Karen Krakower Kaplan
with S. Ward Casscells, MD

 

Blood Pressure 101

High blood pressure. Such common words for Americans. So common that 60 million of us have it, ignore it, lie about it, or don’t know it.

In fact, if you ask any of us how we’re feeling, we’ll say just swell, thank you. Which is weird for three such alarming words: High. Blood. Pressure.

Its other moniker is even more bell-ringing: hypertension. And that’s the perfect name for it: something inside of us is, well, really tense.

And, 120 over 80? Bupkus. Our health providers are not impressed. (As if we even know what 120 over 80 means.)

So let’s find out

  1. what those numbers mean
  2. where they get those numbers
  3. (and why ’sphygmomanometer’ is never uttered out loud.)

Blood Pressure: 101

Blood pressure is cool. It’s something you want. In fact, It’s a necessary thing. If our bodies had no blood pressure, we couldn’t stand up. We would just ooze around; gravity would have the better of us.
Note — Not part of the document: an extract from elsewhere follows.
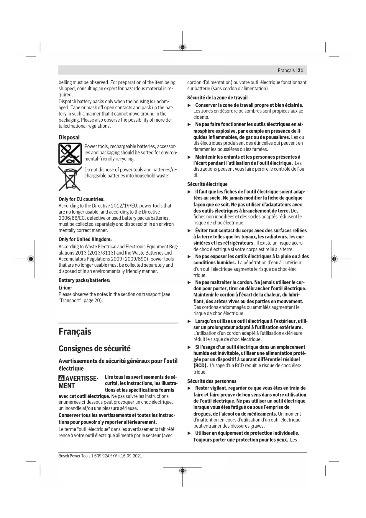 The cut mark (12) indicates the position of the saw blade when making a right-angled cut. For a precise cut, place the circular saw against the work- piece as shown in the figure. We recommend making a test cut. Utility hook (see figure C) Your power tool is equipped with a utility hook (3) for hanging it to a ladder, for example. Simply fold out the utility hook (3) to the required position. u When the power tool is hanging by the utility hook, en- sure that the saw blade is protected against uninten- ded contact in order to prevent injury. Fold the utility hook (3) in again when you want to begin work with the power tool. Chip container (see figuresF–G) Caution: Do not touch the protective guard with chip container(2) and the metal chips with bare hands immedi- ately after operation. These parts can be very hot and cause skin burns. Do not cut material which has had thinner, petrol, grease or other chemicals applied to it. The metal chips produced by such materials could damage the protective guard with chip container(2) and lead to a break that could cause personal injury. The metal chips are collected in the chip container of the protective guard(2). Empty the chip container at regular in- tervals. To do this, push the chip container locking mechanism(25) upwards. Open the lid of the chip container(24) and tilt the power tool sideways to empty the chip container. After emptying, close the lid of the chip container(24) and lock the chip container again. Start-up u Before carrying out any work with the power tool, en- sure that the chip container is closed and locked. Never operate the power tool without a protective guard/with a defective protective guard/lid on the chip container. Inserting the battery Push the charged battery (9) into the power tool until the battery is securely locked. Bosch Power Tools 1 609 92A 5YV | (16.09.2021)20 | English Switching on/off u Make sure that you are able to press the On/Off switch without releasing the handle. To start the power tool, first press the lock-off switch (6), then press and hold the on/off switch (7). To switch off the power tool, release the on/off switch (7). Note: For safety reasons, the on/off switch (7) cannot be locked; it must remain pressed during the entire operation. Run-out brake An integrated run-out brake shortens the time the saw blade keeps running for after the power tool has been switched off. Protection Against Deep Discharging The lithium-ion battery is protected against deep discharge by the Electronic Cell Protection (ECP). When the battery is discharged, the power tool is switched off by means of a pro- tective circuit: The application tool no longer rotates. Switching on the LED worklight The lamp (26) lights up when the on/off switch (7) is lightly or fully pressed, meaning that the work area is illuminated in poor lighting conditions. Practical advice u Remove the battery from the power tool before carry- ing out work on the power tool (e.g. maintenance, changing tool, etc.). The battery should also be re- moved for transport and storage. There is risk of injury from unintentionally pressing the on/off switch. The width of cut varies depending on the saw blade used. Protect saw blades against shock and impact. Guide the power tool evenly, pushing it gently in the cutting direction. Applying too much pressure to the power tool when moving it in the cutting direction significantly reduces the service life of the application tools and can damage the power tool. The sawing performance and the quality of the cut essen- tially depend on the condition and the tooth shape of the saw blade. This is why you should only use sharp saw blades that are suitable for the material being machined. Sawing with the parallel guide (see figure D) The parallel guide (14) allows you to make precise cuts along the edge of a workpiece and cut strips with the same dimensions. Sawing with an auxiliary guide (see figure E) For working on large workpieces or for cutting straight edges, you can securely fasten a board or rail to the work- piece as an auxiliary guide. The circular saw can be guided along the path of this auxiliary guide with the base plate. Recommendations for Optimal Handling of the Battery Protect the battery against moisture and water. Only store the battery within a temperature range of −20 to 50°C. Do not leave the battery in your car in the summer, for example. Occasionally clean the ventilation slots on the battery using a soft brush that is clean and dry. A significantly reduced operating time after charging indic- ates that the battery has deteriorated and must be replaced. Follow the instructions on correct disposal. Maintenance and Service Maintenance and Cleaning u Remove the battery from the power tool before carry- ing out work on the power tool (e.g. maintenance, changing tool, etc.). The battery should also be re- moved for transport and storage. There is risk of injury from unintentionally pressing the on/off switch. u To ensure safe and efficient operation, always keep the power tool and the ventilation slots clean. u Replace the lid on the chip container(24) in case of damage. The retracting blade guard must always be able to move freely and retract automatically. It is therefore important to keep the area around the retracting blade guard clean at all times. Remove dust and chips with a paintbrush. After-Sales Service and Application Service Our after-sales service responds to your questions concern- ing maintenance and repair of your product as well as spare parts. You can find explosion drawings and information on spare parts at: www.bosch-pt.com The Bosch product use advice team will be happy to help you with any questions about our products and their accessor- ies. In all correspondence and spare parts orders, please always include the 10‑digit article number given on the nameplate of the product. Great Britain Robert Bosch Ltd. (B.S.C.) P.O. Box 98 Broadwater Park North Orbital Road Denham Uxb

Measuring pressure of any kind—from pleasing your boss, remembering your anniversary, to putting air in your tires—is expressed through this S.A.T. equation: Pressure equals Force divided by the Unit Area.

So, blood pressure is the amount of force that is exerted by our blood against the artery walls as it’s being pumped through the body.

Each time your heart beats, it is pumping out about 2-3 ounces of blood into the major arteries—our personal garden hoses—that lead to our organs. Between beats, the heart, essentially a pump, refills with blood. That blood will then be pumped out and moved along with the next beat.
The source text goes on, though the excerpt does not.